Software

SPARKX

SPARKX is a Python software package for the analysis of heavy ion collision simulation data. It provides access to a broad range of commonly used observables by directly reading in two of the most widespread data formats used in theoretical nuclear physics: OSCAR and JETSCAPE.

Although there are other analysis frameworks for nuclear physics available, they are mostly tailored for the analysis of experiments, and favour maximal performance over accessibility, as they suffer from a steep learning curve. SPARKX on the other hand is best suited for small and medium-sized data sets, as usually present in simulation data, for which even a bachelor student with minimal prior Python knowledge can perform a data analysis with SPARKX in a few minutes - as opposed to hours writing the analysis themselves or with other frameworks.

The starting point in the development of SPARKX was the observation that most researchers write their analysis frameworks from scratch. This increases the risk of bugs, reduces reproducibilty and performance and costs valuable time.

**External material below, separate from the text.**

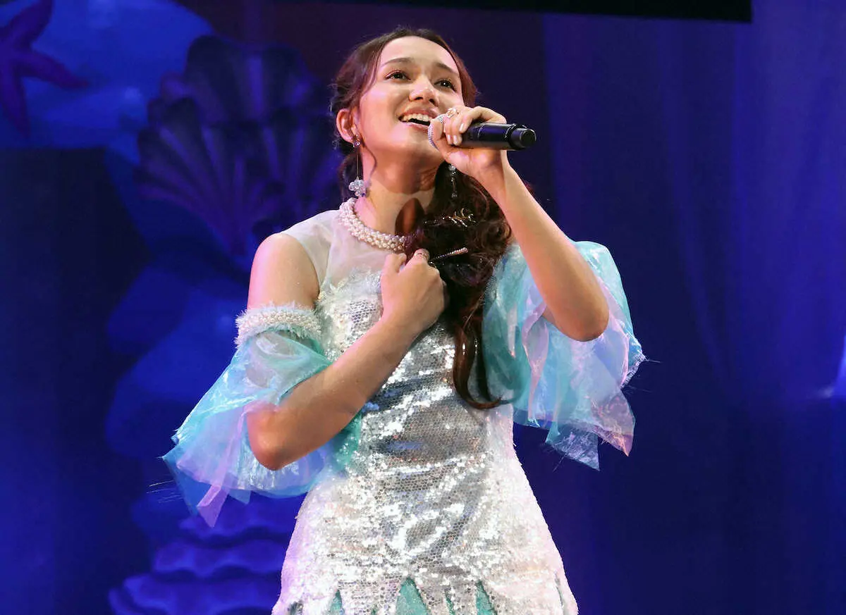 映画「リトル・マーメイド」の声優披露イベントで、「パート・オブ・ユア・ワールド」を披露する豊原江理佳

Integrating, refactoring and improving analysis tools instead collectivly in order to create a "one for all" tool to analyse data can greatly increase quality.

Originally started by Dr. Hendrik Roch and Nils Sass, I joined the project soon afterwards in order to improve my analysis tools and set up the final stage of a Bayesian inference. By now, the tool is used by multiple researchers and is under active development. Try it out yourself!

ZüNIS/NF

During my Master's Thesis, I developed in an exploratorive study a method to speed up the integration of cross sections using Machine Learning techniques based on normalizing flows. This is done by performing importance sampling, which samples evalution points of integrals more often where the integrand has higher values. This greatly improves the accuracy of the result. Using artificial intelligence, normalizing flows can iterativly learn the values of the integrand in a multidimensional space and adjust the sampling accordingly.

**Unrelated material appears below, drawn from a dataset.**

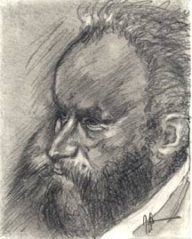 From black to white and nine shades in between The scale runs the range from black to white (the white of the background) in 10 steps. Ever seen those fax machines that have "256 shades of gray"? What that's referring to is the number of shades of gray between black and white. (That would be like adding 25 gradations of gray between each of the above boxes of gray. The human eye can distinguish several thousand shades of gray and millions upon millions of color shades.) Now look at the "Degas Copy" picture just above. Look closely at the darkest parts of the picture - the deepest shadows in the beard and eyes for instance. Now compare these dark shades to the different levels of shading in the forehead or the area of highlight just to the side of the nose above the upper lip. Jump back and forth between them and it'll become plain in a moment - consciously plain - that there's a difference in value. (You can do the same with the cowboy picture a ways up.) Mini-review: drawing skills build on each other Before we go any farther, I want you to be conscious of how the different skills you've been learning are building on each other. Keep this in mind as you go on from here: If your goal is to eventually do full color airbrushed caricature masterpieces you'd have to understand painting and color. In order to do that, you have to understand values and "light logic". To maximize your expertise in light logic you have to have a feel for proportionate relations. To understand proportion you need a foundation in shape recognition (as in negative spaces and positive shapes). To best decipher shapes, you need an eye for recognizing and following lines and edges. Reverse the whole thing: recognition/perception of lines and edges leads to shape perception, which leads to accurate perspective and proportion, which supports light logic, which makes value recognition a conscious skill which directly informs your ability to differentiate color, and, (big breath), leads to the ability to paint a big ol' full color Leroy Neiman masterpiece. Ain't no thing, right? So lets get back in that frame of mind - rediscovering your very own, developing artist's brain. Getting your right brain, (R-mode), back in the picture The side of the brain that's immersed in language - the verbal left brain - still resists and tries to altogether ignore incoming non-verbal data like shadows and highlights out there in the world. This was explained and demonstrated in lessons 1 through 6. This stubborn part of the brain has a hard time acknowledging the contribution R-mode makes in recognizing patterns and shapes. In order to make literally survival decisions out there in the environment, L-mode (the left brain) needs this kind of information. It must get this information from somewhere. R-mode is forced to make it's contribution very subtly. Like a humble servant who doesn't want to upset the king, R-mode can't upset the dominance of L-mode without coming under fire or being rejected. It's got to feed L-mode with influential, decision-aiding information on a subconscious level. Conscious control or R-mode L-mode is still "us": our conscious ego-driven mind. To draw like/as an artist, our task is to get R-mode operating independently. We need R-mode back under conscious control. How do we do this? Just as before: present L-mode with a task it either rejects or ignores and allow R-mode to subtly exert it's wonderful talents. Pattern recognition, shape recognition, tracing and sighting - these were some of the skills we explored directly and indirectly in earlier lessons designed to pull you into R-mode. Shadow recognition is a direct extension of these skills. We're going to jump right in. Here's a fun task for you. Look at this shape within a shape:

In order to perform as many of the calculations as possible on the GPU, I implemented also a flat phase space sampler in PyTorch, which can be directly integrated into the cross section calculation pipeline.

Together with Dr. Nicolas Deutschmann, we developed on this basis the extensive python module ZüNIS, which is one of the first ready-to-use, well documented tools to boost cross section calculation using normalizing flows, aimed to be not only used by machine learning experts, but by the general physics audience. The goal is to provide a flexible library to integrate black-box functions with a level of automation comparable to the VEGAS Library, while using state-of-the-art artificial intelligence methods that go around the limitations of existing tools.

SMASH and the SMASH hybrid approach

SMASH is hadronic transport code written in C++ for the simulation of heavy-ion collisions at low and intermediate energies, developed in the group of Prof. Hannah Elfner. It constitutes an effective solution of the relativistic Boltzmann equation with binary interactions. Most interactions proceed via resonance excitation and decay at lower energies or string excitation and fragmentation at higher energies.

We aim at including software development best pratices in the production of scientific software. This includes SMASH being completly open source, stringent issue-tracking, consistent versioning, thorough documentation and high test coverage. As a part of the SMASH development team, I am taking part in working for both quality of physics and software.

My main focus lies however in the development of the SMASH hybrid approach. It extends the applicability to high energy heavy ion collisions by interfacing external hydrodynamic approaches for the hot and dense state of the nuclear matter. Whereas the physics is contained in the modules which form part of the hybrid approach, the code of the hybrid approach itself manages and coordinates the interfaces, ensuring that all modules communicate correctly and execute in a stable way. This is especially challenging due to the fact that different degrees of freedom realised during the evolution lead to different descriptions of the state of the simulation. Additionally, the execution at high energies is very long and costly. Due to this, the execution should be optimised for high performance computing on the cluster.

Due to this, I am currently responsible for the efforts to revamp the hybrid approach. The logic is rewritten in bash in an aim to build a complete hybrid manager, allowing flexible execution, exchange of modules and automatic generation and managing of cluster jobs. Additionally, thorough testing will increase maintainablity and ensure that future changes in the modules will not break the software. This is essential, as the high fluctuations of members of research groups mean often a loss of expertise. Due to this, excellent tests and documentation are fundamental for long-living software.